── THE RECORDS

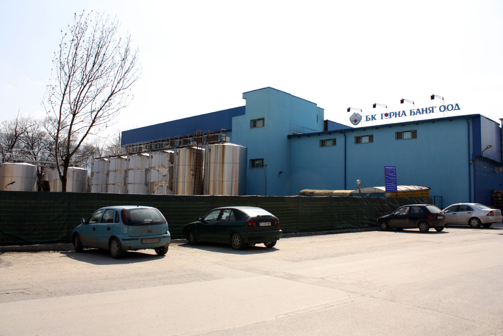 Gorna Banya Mineral Water Bottling Plant
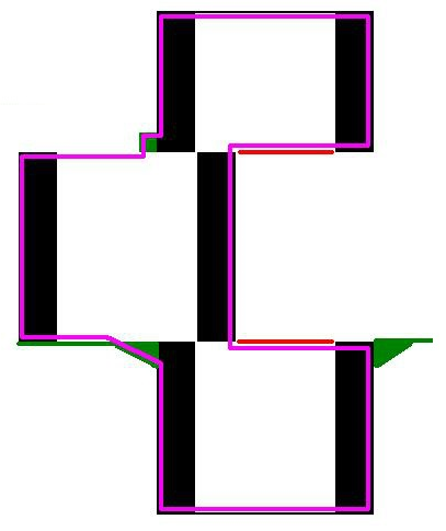 Magical trick
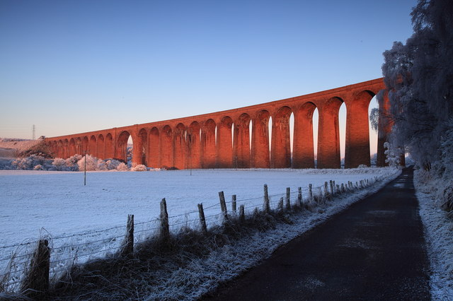 Culloden viaduct late afternoon low sunlight.
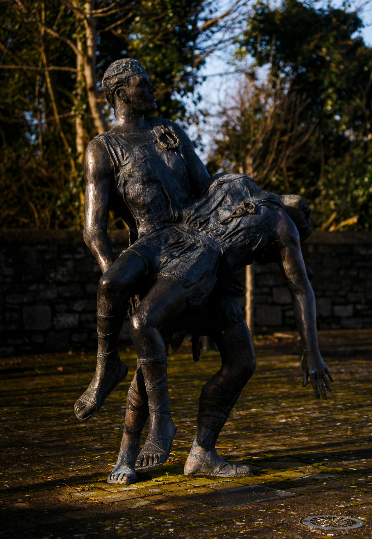 An Image of the Statue of Cuchulainn and Ferdia, Ardee
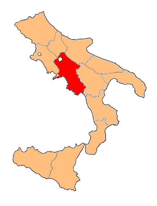 Locator map of the Giustizierato of Principato and Terra Beneventana, a department of the Kingdom of Sicily (Internal borders: period 1231-1273)
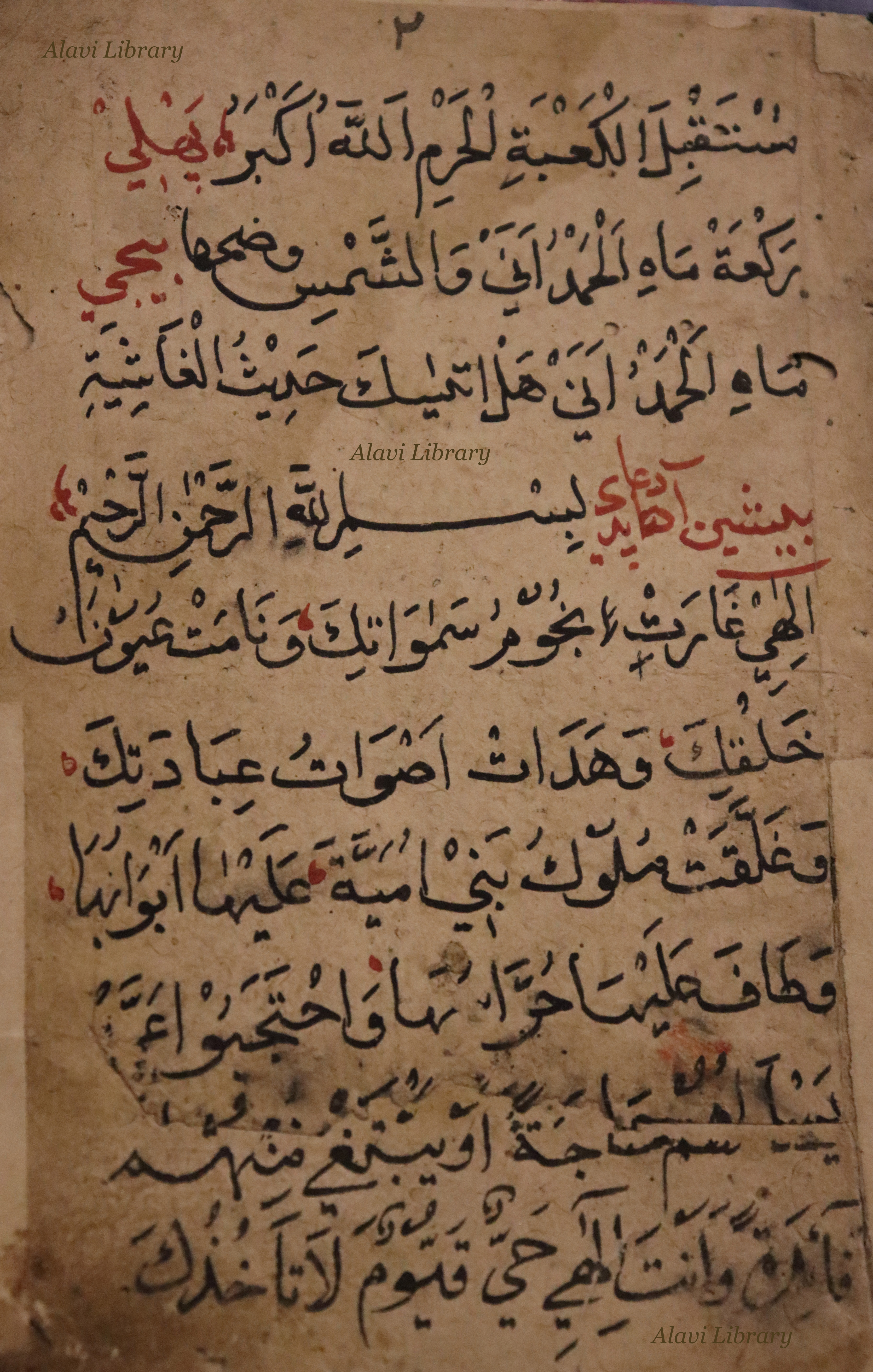 second image from the same mss during the time of 28th Da'i
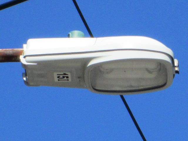 History of street lighting
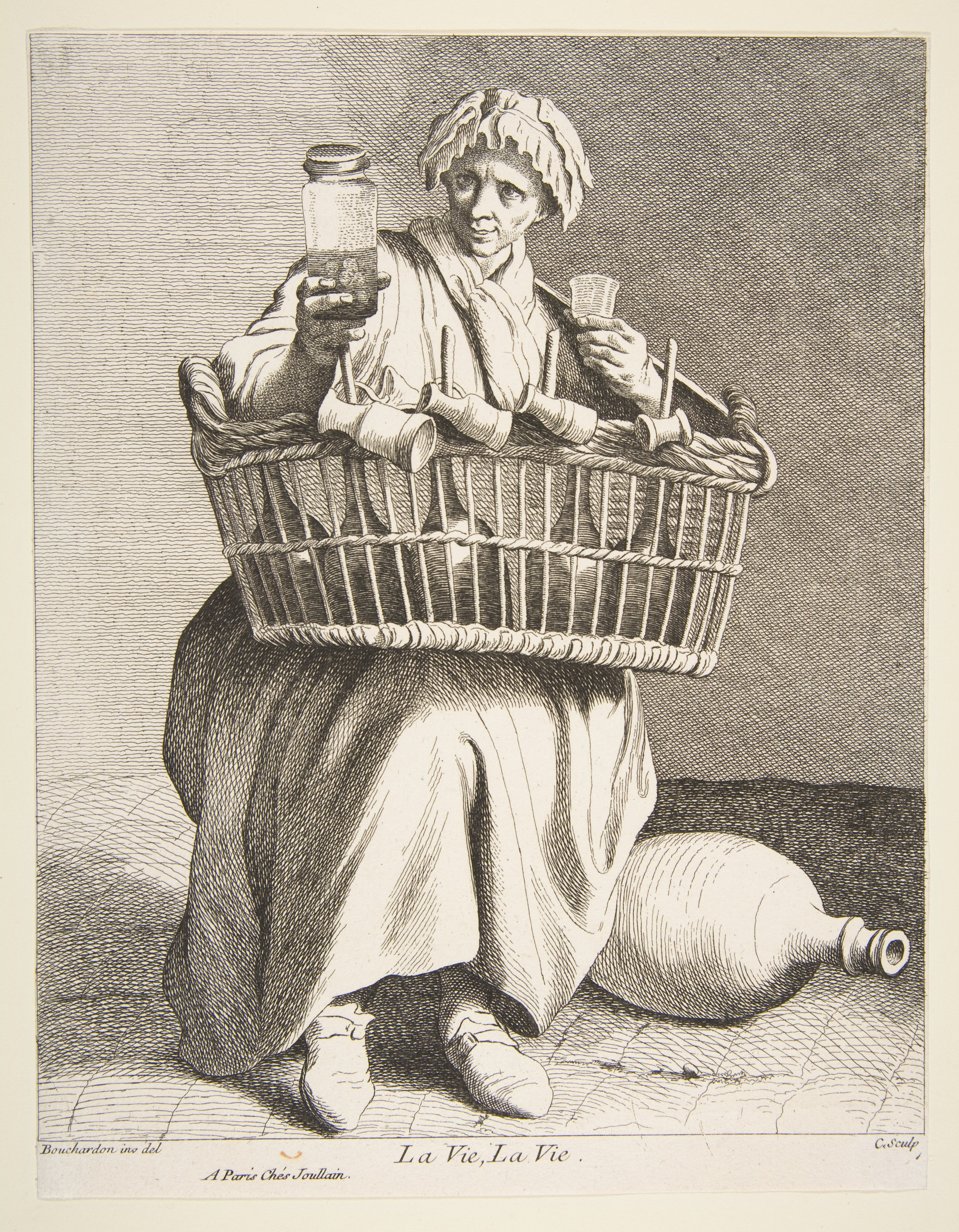 Brandy Seller. Old woman selling eau-de-vie; sitting, facing front, with a large basket containing bottles and small pitchers on her lap, and holding a jar and a glass.

────

◆ TASK TO COMPLETE:
Transcribe every entry word for word, but omit the pictures.

◆ TASK SOLUTION:
 Gorna Banya Mineral Water Bottling Plant
 Magical trick
 Culloden viaduct late afternoon low sunlight.
 An Image of the Statue of Cuchulainn and Ferdia, Ardee
 Locator map of the Giustizierato of Principato and Terra Beneventana, a department of the Kingdom of Sicily (Internal borders: period 1231-1273)
 second image from the same mss during the time of 28th Da'i
 History of street lighting
 Brandy Seller. Old woman selling eau-de-vie; sitting, facing front, with a large basket containing bottles and small pitchers on her lap, and holding a jar and a glass.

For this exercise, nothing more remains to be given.